- _Task details_:
Give again exactly the lines that run from the start of the records to the line holding "When describing complex", both ends counted. Do not include the pictures.

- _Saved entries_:

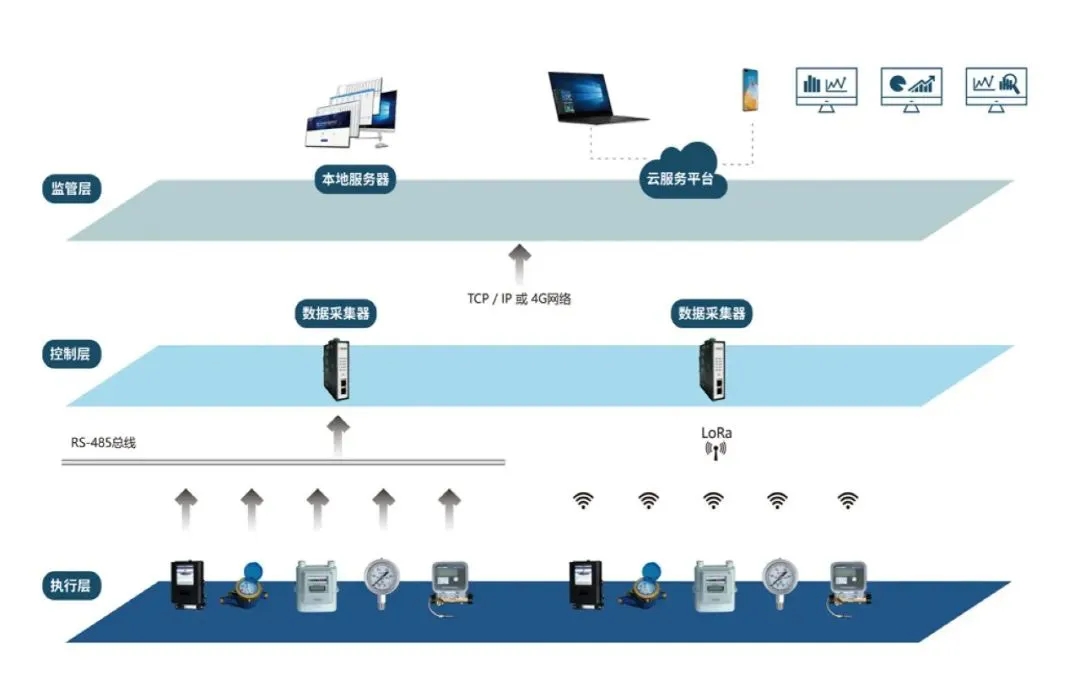 通過 RS-485 總線或 LoRa 通訊模塊,將計量表具的數(shù)據(jù)收集到智能網(wǎng)關,在施工布線困難的情況下,采用 LoRa 無線通訊模塊,免去復雜的施工布線,將計量表具的數(shù)據(jù)簡單有效地傳輸?shù)街悄芫W(wǎng)關。
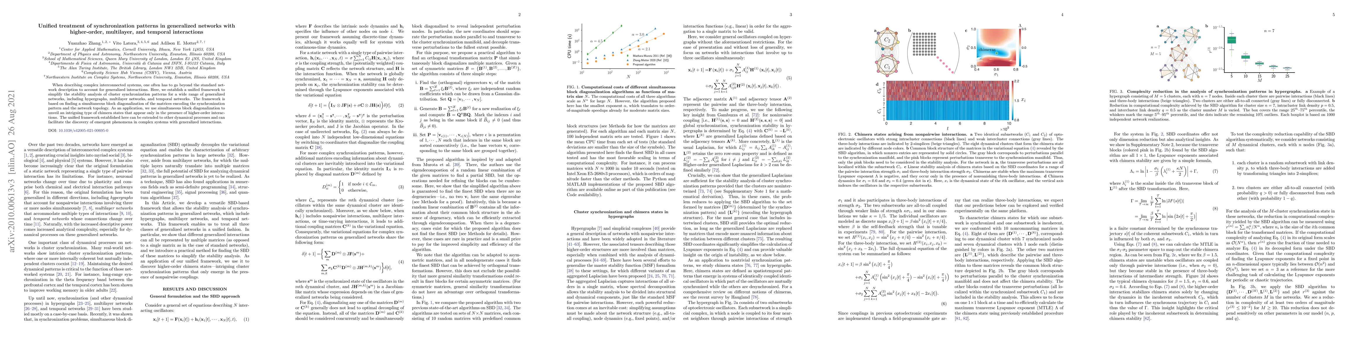 When describing complex interconnected systems, one often has to go beyond the standard network description to account for generalized interactions. Here, we establish a unified framework to simplify the stability analysis of cluster synchronization patterns for a wide range of generalized networks, including hypergraphs, multilayer networks, and temporal networks. The framework is based on finding a simultaneous block diagonalization of the matrices encoding the synchronization pattern and the network topology. As an application, we use simultaneous block diagonalization to unveil an intriguing type of chimera states that appear only in the presence of higher-order interactions. The unified framework established here can be extended to other dynamical processes and can facilitate the discovery of emergent phenomena in complex systems with generalized interactions.
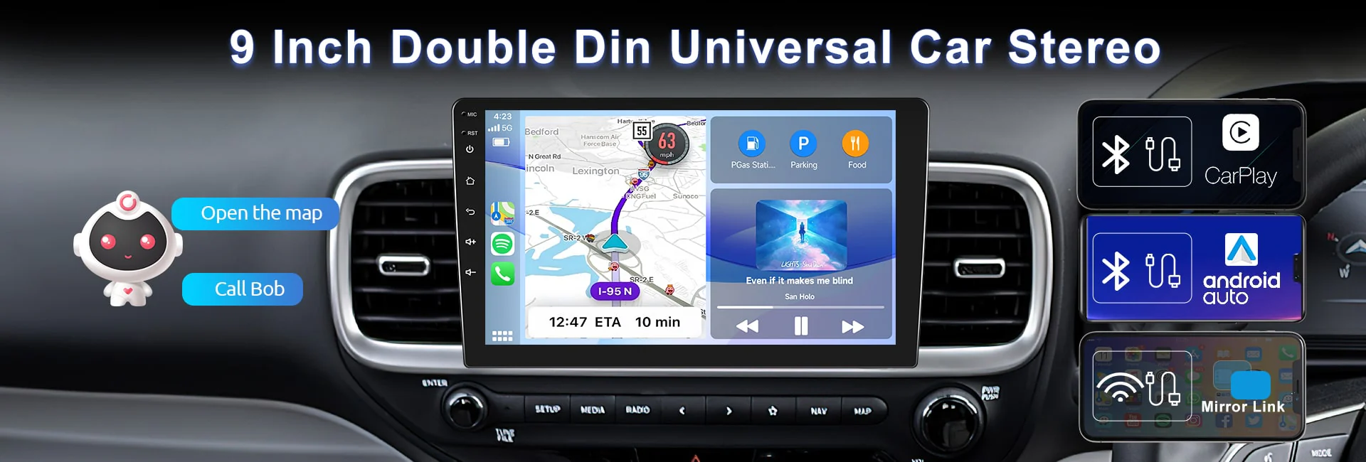 This is a 9-inch universal double-DIN Android car head unit. Please carefully review our car radio dimensions (installation dimensions are 178 x 100mm/7.01 in x 3.94 in) and measure the dimensions of your dashboard. If you are unsure of your vehicle’s compatibility, please send us pictures of your car radio’s front mounting position and rear interface for further verification.
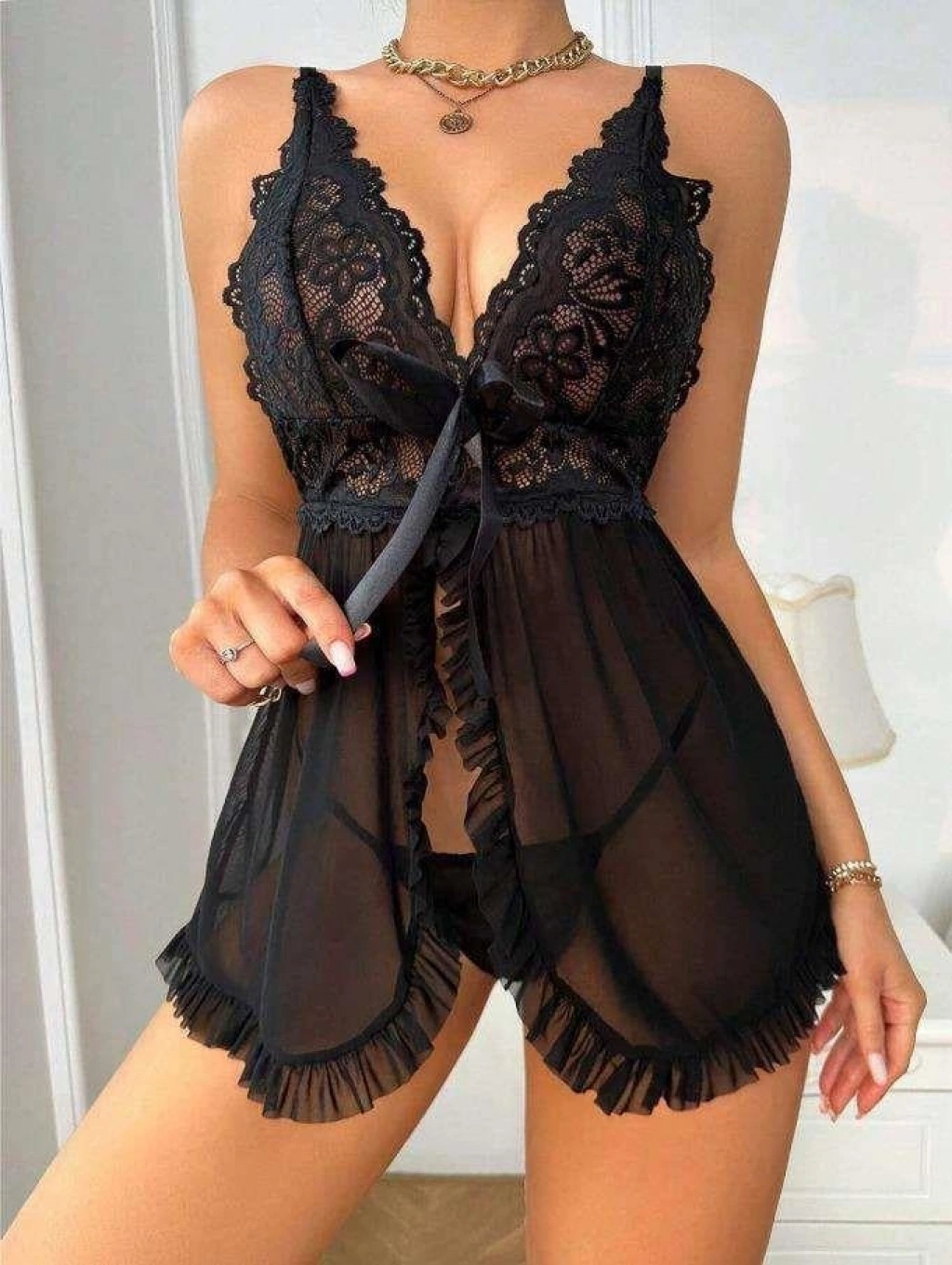 Özel Tasarım Siyah Dantel İşlemeli Yırtmaçlı Kurdelalı Tül Fantezi Şık Gecelik
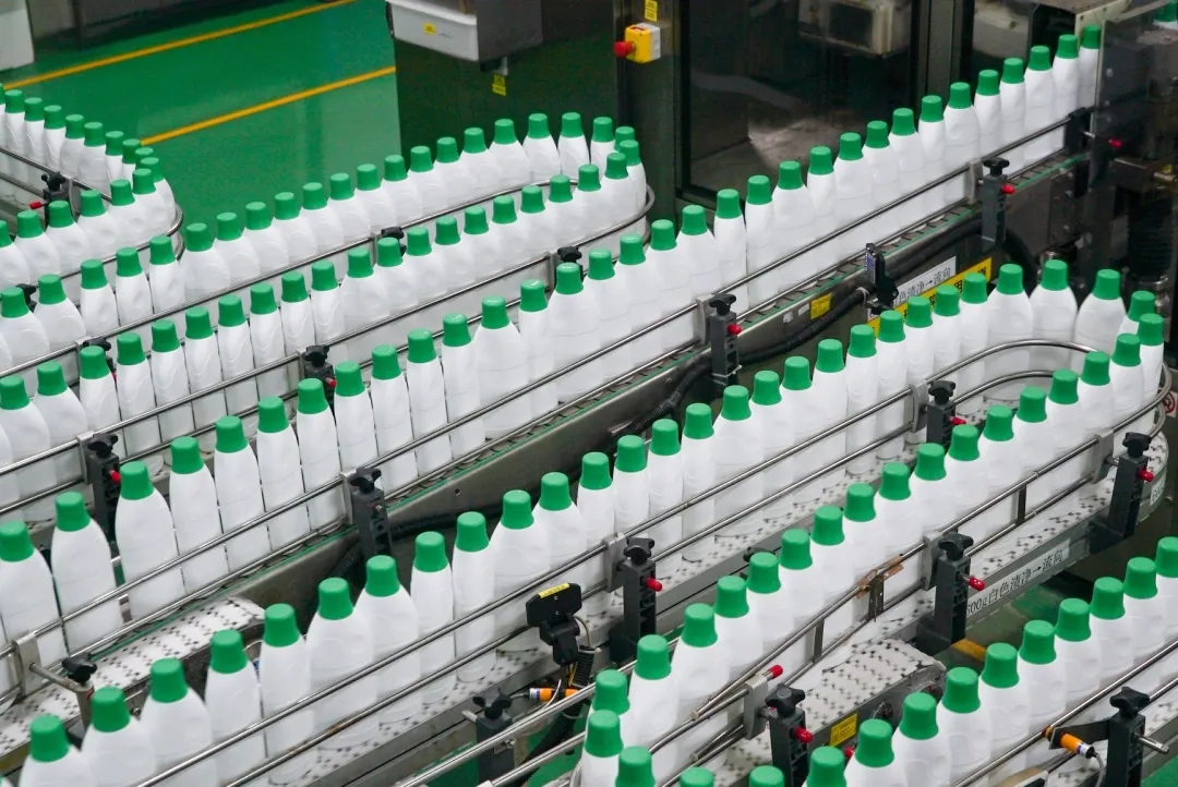 全速运行的蓝月亮84消毒液生产线

- _Finished task_:
 通過 RS-485 總線或 LoRa 通訊模塊,將計量表具的數(shù)據(jù)收集到智能網(wǎng)關,在施工布線困難的情況下,采用 LoRa 無線通訊模塊,免去復雜的施工布線,將計量表具的數(shù)據(jù)簡單有效地傳輸?shù)街悄芫W(wǎng)關。
 When describing complex interconnected systems, one often has to go beyond the standard network description to account for generalized interactions. Here, we establish a unified framework to simplify the stability analysis of cluster synchronization patterns for a wide range of generalized networks, including hypergraphs, multilayer networks, and temporal networks. The framework is based on finding a simultaneous block diagonalization of the matrices encoding the synchronization pattern and the network topology. As an application, we use simultaneous block diagonalization to unveil an intriguing type of chimera states that appear only in the presence of higher-order interactions. The unified framework established here can be extended to other dynamical processes and can facilitate the discovery of emergent phenomena in complex systems with generalized interactions.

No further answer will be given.